## TASK OBJECTIVE:
The part to set down runs from the first line of the data below through the line with "2. Все перекидываем", inclusive; write it exactly and leave out the pictures.

## PROVIDED MATERIAL:
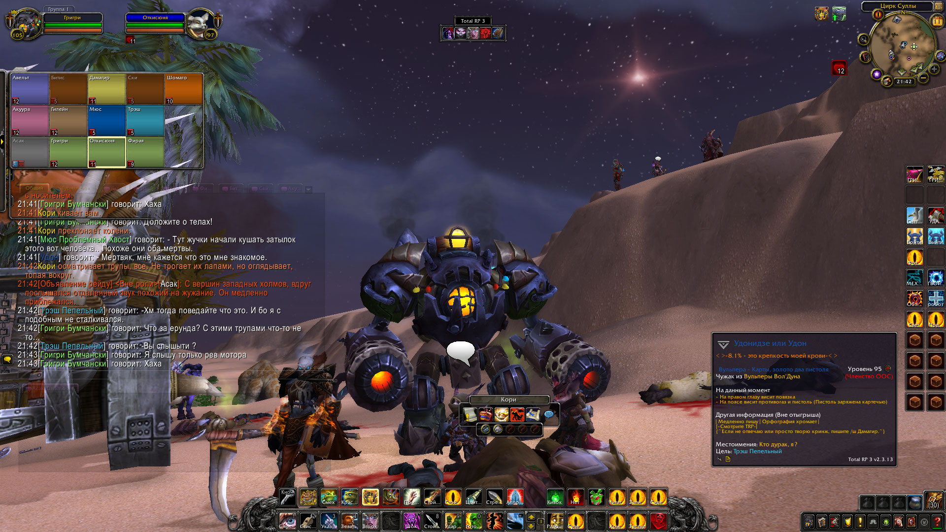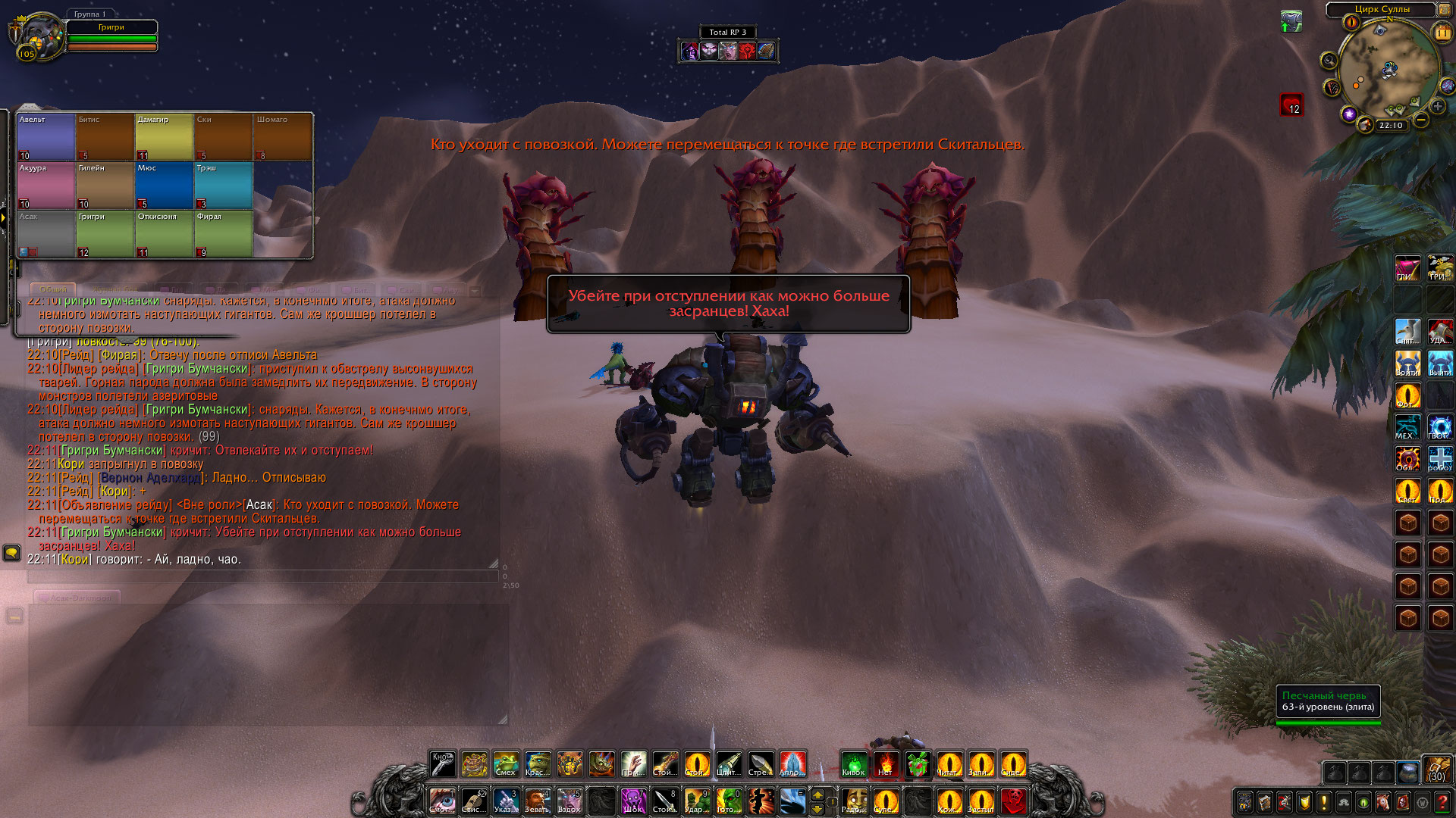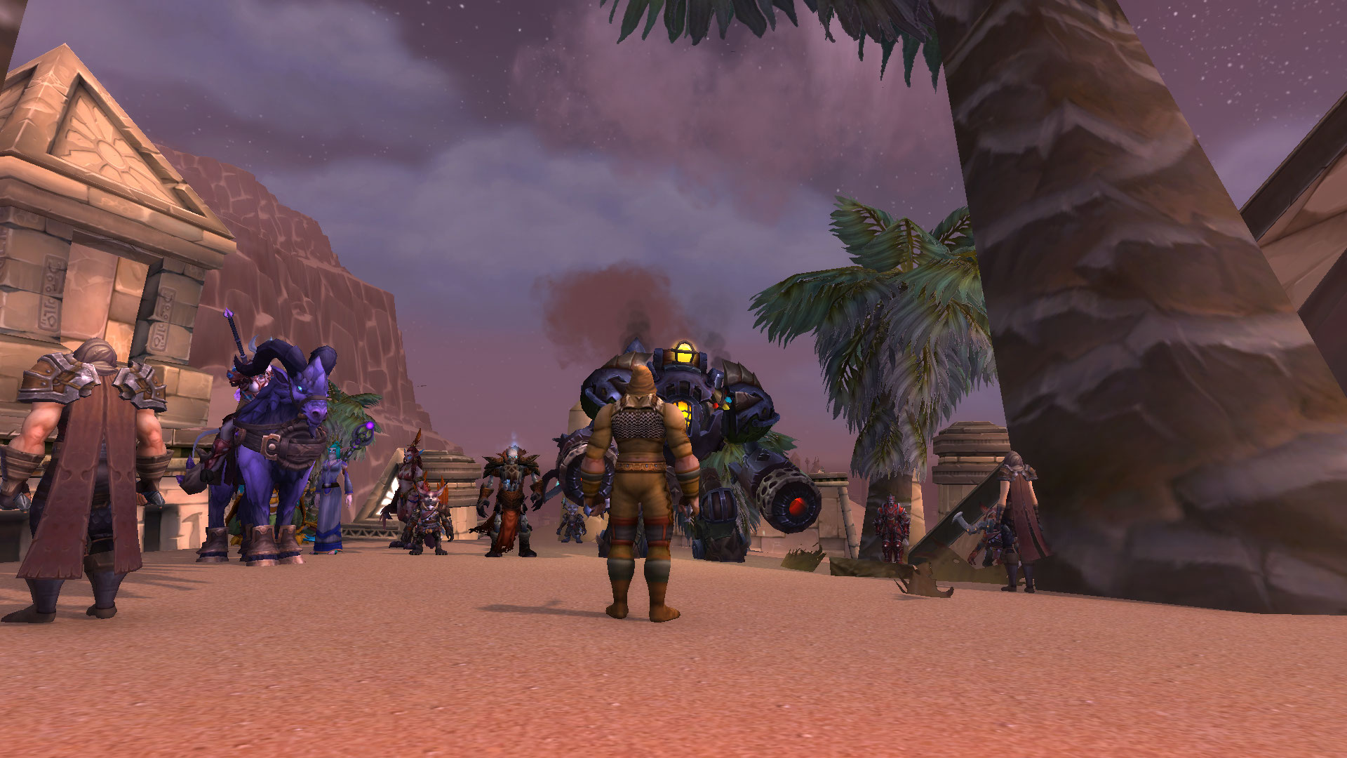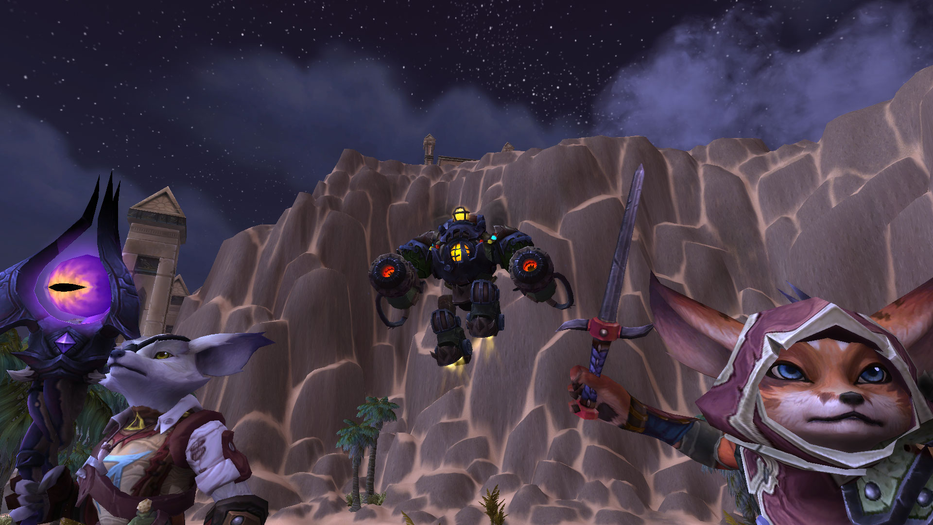 Кратко о задачах: Разузнать о том, что происходит у Храма Ульдума. Подтвердить наличие силитидов. Перебить как можно больше без серьезных рисков. После сборов в Храме Рамкахен, боевая группа направилась на северо-запад к руинам храма Орсис. Предстояло убедиться в охвате территории, заполненной тварями. Там, на удивление, было тихо. Лишь группа скитальцев пустыни встретила своим взором и кличем проходящих мимо бойцов. Те в раненом и измотанном виде предостерегли отправляющихся на потенциально верную смерть путников. В Храм Ульдума было идти опасно. Скитальцы потеряли там свой караван с огромным количеством бойцов. Теперь тем не остается ничего, кроме как направляться в другую часть пустыни. Те пока взяли передышку, переговорив с Начальником Бумчански о положении дел в храме. Скитальцы сообщили о тварях под землей, намекая своими речами о невероятной мощи местной фауны. Стоит быть осторожнее. Однако, Григри те предостережения были по боку. У него толпа наемников и авантюристов позади. А сам гоблин в огромном железном мехе ГРИЖС. Кажется, тот совсем не видел препятствий для продолжения операции.
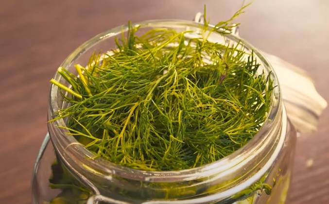 2. Все перекидываем в чистую литровую банку. И накрываем 5-ю веточками укропа. Он сейчас везде. Дальше понадобится чеснок. 3-4 зубка. Хороших таких. Придавите немного. Ну, знаете, как. Котика иногда. *Вызывайте полицию!!* Чеснок очищаем и крупно нарезаем. Добавляем 3 ст. л. уксуса. Мы используем яблочный 6-процентный. Но можно и простой столовый. Соль так же. 3/4 ст. л. Горошины черного перца 20 штук.
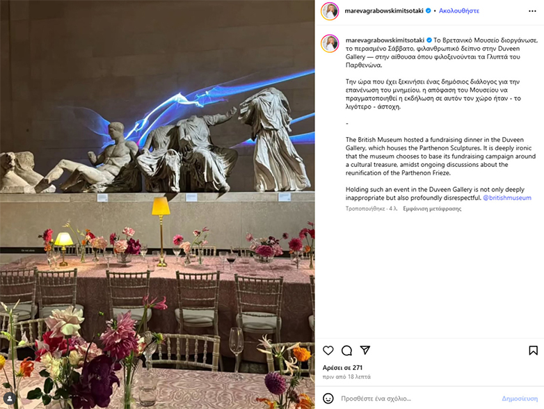 «Το Βρετανικό Μουσείο διοργάνωσε, το περασμένο Σάββατο, φιλανθρωπικό δείπνο στην Duveen Gallery – στην αίθουσα όπου φιλοξενούνται τα Γλυπτά του Παρθενώνα. Την ώρα που έχει ξεκινήσει ένας δημόσιος διάλογος για την επανένωση του μνημείου, η απόφαση του Μουσείου να πραγματοποιηθεί η εκδήλωση σε αυτόν τον χώρο ήταν – το λιγότερο – άστοχη».
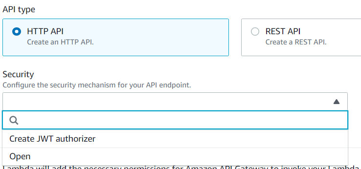 As for what the difference is between an HTTP API and a REST API in this context, I'll have to consult Amazon's Choosing an API Type documentation, and the related Choosing Between HTTP APIs and REST APIs document. Given that both options appear to allow requests from public HTTP endpoints, and the HTTP API is described as "lightweight" (as opposed to the REST API's "feature rich"), I think that's where I'll start.

## ANSWER SECTION:
 Кратко о задачах: Разузнать о том, что происходит у Храма Ульдума. Подтвердить наличие силитидов. Перебить как можно больше без серьезных рисков. После сборов в Храме Рамкахен, боевая группа направилась на северо-запад к руинам храма Орсис. Предстояло убедиться в охвате территории, заполненной тварями. Там, на удивление, было тихо. Лишь группа скитальцев пустыни встретила своим взором и кличем проходящих мимо бойцов. Те в раненом и измотанном виде предостерегли отправляющихся на потенциально верную смерть путников. В Храм Ульдума было идти опасно. Скитальцы потеряли там свой караван с огромным количеством бойцов. Теперь тем не остается ничего, кроме как направляться в другую часть пустыни. Те пока взяли передышку, переговорив с Начальником Бумчански о положении дел в храме. Скитальцы сообщили о тварях под землей, намекая своими речами о невероятной мощи местной фауны. Стоит быть осторожнее. Однако, Григри те предостережения были по боку. У него толпа наемников и авантюристов позади. А сам гоблин в огромном железном мехе ГРИЖС. Кажется, тот совсем не видел препятствий для продолжения операции.
 2. Все перекидываем в чистую литровую банку. И накрываем 5-ю веточками укропа. Он сейчас везде. Дальше понадобится чеснок. 3-4 зубка. Хороших таких. Придавите немного. Ну, знаете, как. Котика иногда. *Вызывайте полицию!!* Чеснок очищаем и крупно нарезаем. Добавляем 3 ст. л. уксуса. Мы используем яблочный 6-процентный. Но можно и простой столовый. Соль так же. 3/4 ст. л. Горошины черного перца 20 штук.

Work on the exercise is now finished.